The last week I went to the Walker Art Museum in Minneapolis, Minnesota and saw a really amazing documentary on the Feminist art movement. The title of the movie is !WAR Women Art Revolution and is directed by a feminist artist from the period Lynn Hershman Leeson. While Hershman Leeson is a practicing artist herself since the 1960s, she spent a large amount of time and effort documenting the art, the exhibitions, and the performances of her fellow women artists. The film is almost completely composed from archival footage and old and contemporary interviews with the major artists represented. Here’s a clip:
What if found most amazing was the fact that in my life Feminism is hardly ever discussed. To me it seems like it was something that occurred, as the movie accurately shows, but that might not need to be talked about in our contemporary lives. But this perspective was thrown into question after watching the film. Yes, we all know that because of certain efforts by feminist artists, as well as feminists in general, women have been able to achieve certain things they weren’t able to before. And yet if you think about it, it only seems that what was accomplished was that women were and continue to be slightly more equal to men, but not all the way. This is apparent to me in the field of art history where courses only begin to talk about women artists during the impressionist period, and in those cases it is difficult not to put them off as want-to-be-artists who were friends of the impressionists. After these what women artist can any person think of? I’d say most people could/might name Frida Khalo and/or Georgia O’Keefe. But what are these women known for other than their unique biographies and iconic to the point of cliche paintings? What all of this makes me wonder is how can we move forward? How do we give women artists equal treatment in the history of art if they don’t exist to begin with because it wasn’t allowed, and the result of that leaves us with only a few women artists to talk about?
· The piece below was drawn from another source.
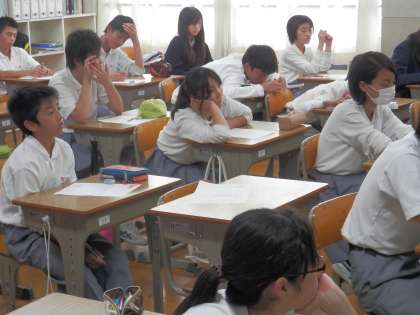 DVDを見る様子、意見と感想を書く様子、それらを交流する様子、先生の話を聞く様子、どれもとても真剣で、中学生らしい初々しいものでした。
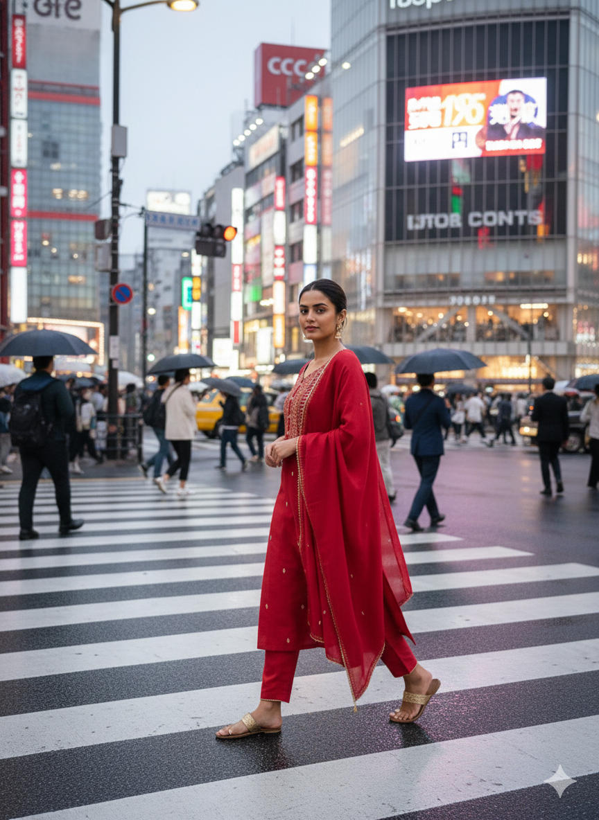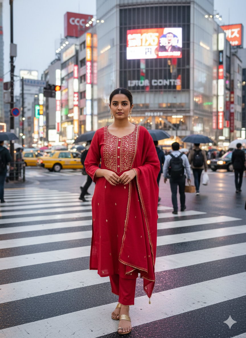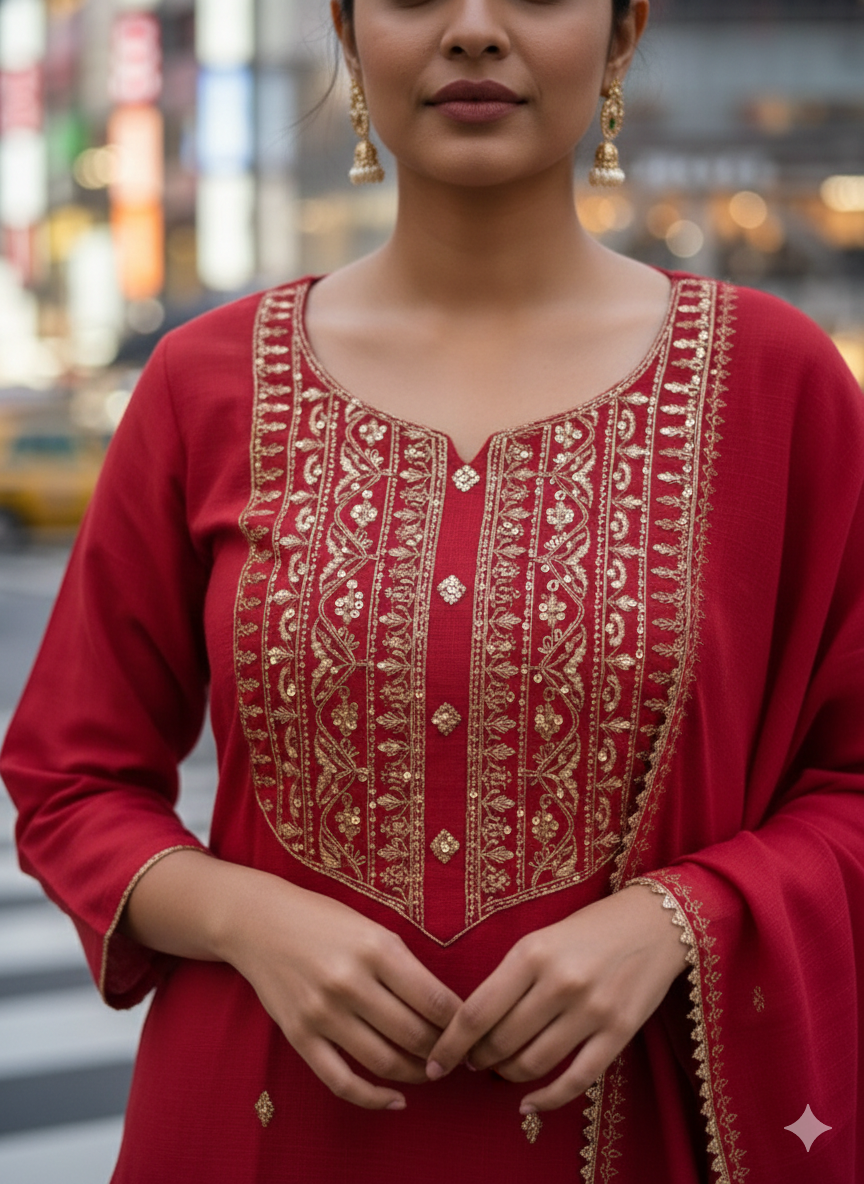 Draped in serene elegance, this outfit reflects a perfect balance of tradition and calm sophistication. The rich hue radiates warmth, while the delicate embroidery flows like a quiet rhythm, creating a sense of mindful beauty. Every detail feels intentional, from the graceful silhouette to the soft textures that move effortlessly with you. It’s a look that invites stillness in motion—where comfort meets refined style. Rooted in tradition yet breathing modern ease, this ensemble is made for moments when you want to feel grounded, confident, and gracefully present, letting your style speak softly, yet leave a lasting impression.

What !WAR puts forward is an argument for more attention. Simply put, the art of this movement and the art that it has given rise to should be taught more, exhibited more, and talked about more. This way we won’t live our lives thinking that it wasn’t important because we’ve never heard about it. I was amazed by how much I did not know about the Women’s Art Revolution. I knew some of the artists and what their work was like but I had no clue where they were making their art, how the were exhibiting it, what the atmosphere was like at the time, who was talking about them or criticizing them, or even the fact that they didn’t all agree amongst themselves!
I think this film is really great and a must watch for anyone interested in art of the 1960s, 70s, 80s; any feminists; and most especially anyone who wonders what all the fuss about feminism was, because it was a big deal and it could be said that the fight really isn’t over. Check it out.